Source material section start

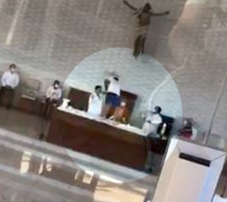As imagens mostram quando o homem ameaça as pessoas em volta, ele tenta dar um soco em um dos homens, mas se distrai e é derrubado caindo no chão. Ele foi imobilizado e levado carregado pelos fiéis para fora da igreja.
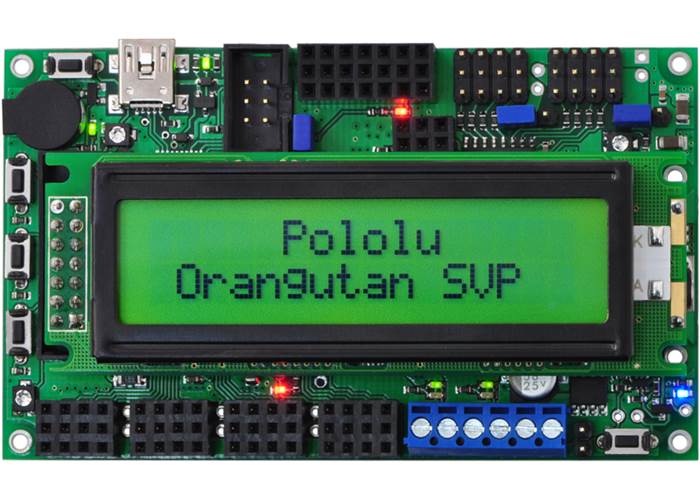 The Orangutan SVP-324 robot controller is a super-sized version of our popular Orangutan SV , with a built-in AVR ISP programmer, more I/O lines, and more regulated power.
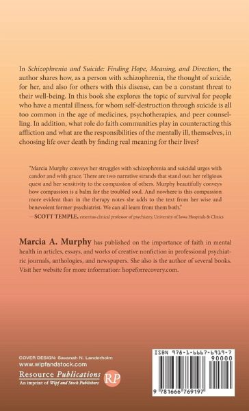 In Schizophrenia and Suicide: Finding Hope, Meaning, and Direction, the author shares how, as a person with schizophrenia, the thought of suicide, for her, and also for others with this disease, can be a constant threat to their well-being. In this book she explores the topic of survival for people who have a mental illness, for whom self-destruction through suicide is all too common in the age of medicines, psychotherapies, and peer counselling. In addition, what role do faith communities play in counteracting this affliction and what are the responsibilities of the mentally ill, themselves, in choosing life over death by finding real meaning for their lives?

Source material section end

● Exercise prompt: Would you restate, word for word and with no pictures, only the lines from the opening of the material through the line with "The Orangutan SVP-324", both included?

● Task solution:
As imagens mostram quando o homem ameaça as pessoas em volta, ele tenta dar um soco em um dos homens, mas se distrai e é derrubado caindo no chão. Ele foi imobilizado e levado carregado pelos fiéis para fora da igreja.
 The Orangutan SVP-324 robot controller is a super-sized version of our popular Orangutan SV , with a built-in AVR ISP programmer, more I/O lines, and more regulated power.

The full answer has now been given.